[Excerpted data]

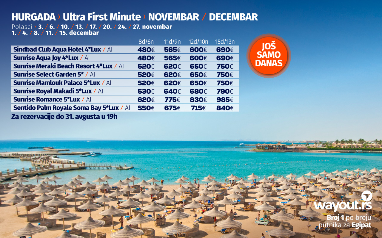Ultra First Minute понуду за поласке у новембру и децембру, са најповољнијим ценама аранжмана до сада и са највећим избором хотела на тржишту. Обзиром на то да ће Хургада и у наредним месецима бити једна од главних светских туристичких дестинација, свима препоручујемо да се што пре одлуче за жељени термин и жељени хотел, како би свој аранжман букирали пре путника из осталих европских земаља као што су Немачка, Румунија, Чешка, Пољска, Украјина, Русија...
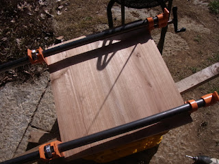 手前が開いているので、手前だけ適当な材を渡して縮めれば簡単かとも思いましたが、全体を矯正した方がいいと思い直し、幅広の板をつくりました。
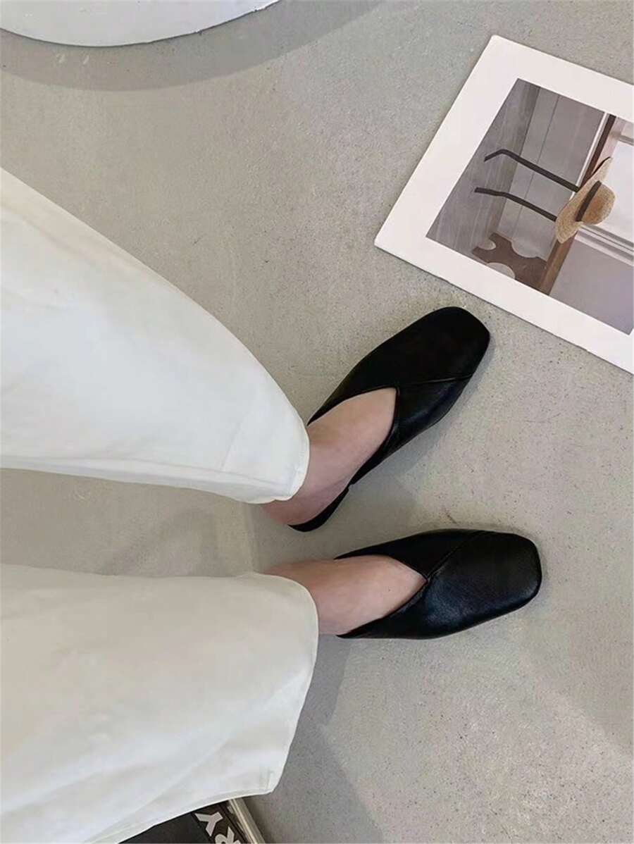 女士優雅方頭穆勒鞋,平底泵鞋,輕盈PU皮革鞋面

[/Excerpted data]
[Excerpted data]

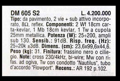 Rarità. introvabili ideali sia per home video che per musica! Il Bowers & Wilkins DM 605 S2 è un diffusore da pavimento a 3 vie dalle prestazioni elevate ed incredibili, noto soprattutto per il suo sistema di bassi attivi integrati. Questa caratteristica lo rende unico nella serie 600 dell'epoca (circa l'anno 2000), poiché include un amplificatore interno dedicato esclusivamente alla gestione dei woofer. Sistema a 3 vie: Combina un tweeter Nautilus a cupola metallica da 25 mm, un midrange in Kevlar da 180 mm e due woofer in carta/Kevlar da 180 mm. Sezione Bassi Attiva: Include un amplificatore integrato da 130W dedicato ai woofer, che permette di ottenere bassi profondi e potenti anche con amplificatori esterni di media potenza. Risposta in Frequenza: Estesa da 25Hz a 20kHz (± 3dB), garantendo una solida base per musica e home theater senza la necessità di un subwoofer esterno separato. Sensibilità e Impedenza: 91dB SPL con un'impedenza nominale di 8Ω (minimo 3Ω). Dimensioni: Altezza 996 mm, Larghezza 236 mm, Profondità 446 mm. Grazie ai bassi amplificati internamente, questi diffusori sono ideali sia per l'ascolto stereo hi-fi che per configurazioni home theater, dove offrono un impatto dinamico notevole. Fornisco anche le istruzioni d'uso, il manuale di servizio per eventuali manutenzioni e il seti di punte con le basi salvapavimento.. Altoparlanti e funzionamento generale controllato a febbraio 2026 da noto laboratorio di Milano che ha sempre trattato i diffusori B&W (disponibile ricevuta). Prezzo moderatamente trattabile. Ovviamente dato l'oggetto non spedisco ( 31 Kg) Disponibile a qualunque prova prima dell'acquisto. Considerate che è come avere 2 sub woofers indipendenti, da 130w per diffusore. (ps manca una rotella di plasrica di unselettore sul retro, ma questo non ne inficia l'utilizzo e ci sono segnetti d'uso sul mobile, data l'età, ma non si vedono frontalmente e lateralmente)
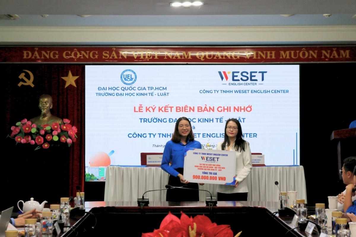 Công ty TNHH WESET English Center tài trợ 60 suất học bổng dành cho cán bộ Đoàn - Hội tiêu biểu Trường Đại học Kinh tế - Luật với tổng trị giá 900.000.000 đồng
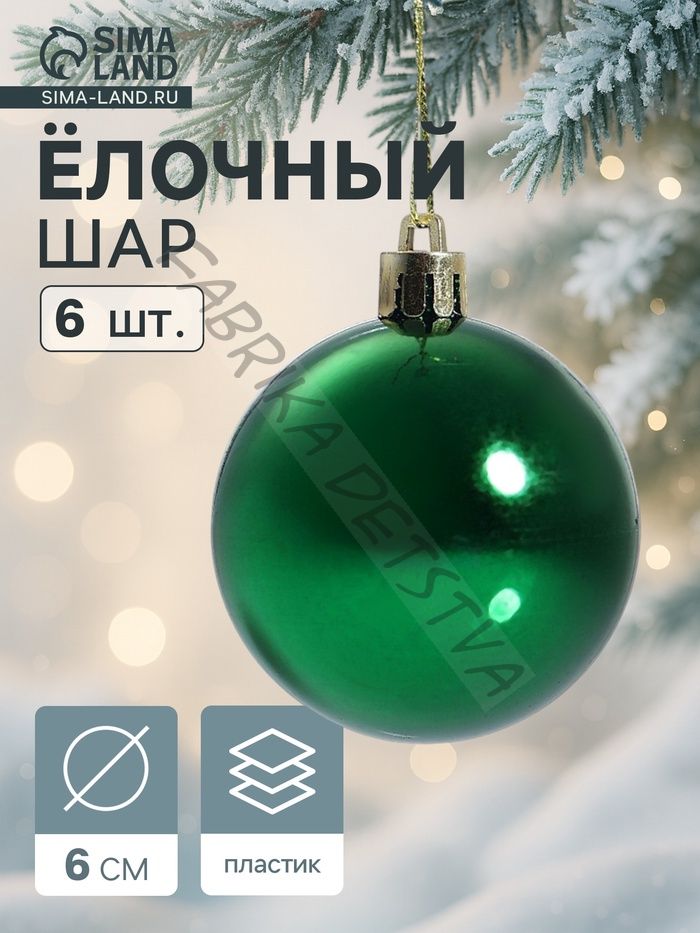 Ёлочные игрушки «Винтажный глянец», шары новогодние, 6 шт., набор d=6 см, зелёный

[/Excerpted data]

▸ Instructions for the task
Starting at the line containing "Công ty TNHH" and stopping at the line containing "d=6 см, зелёный", output each line exactly as it appears above. Leave out the pictures.

▸ Solved exercise
 Công ty TNHH WESET English Center tài trợ 60 suất học bổng dành cho cán bộ Đoàn - Hội tiêu biểu Trường Đại học Kinh tế - Luật với tổng trị giá 900.000.000 đồng
 Ёлочные игрушки «Винтажный глянец», шары новогодние, 6 шт., набор d=6 см, зелёный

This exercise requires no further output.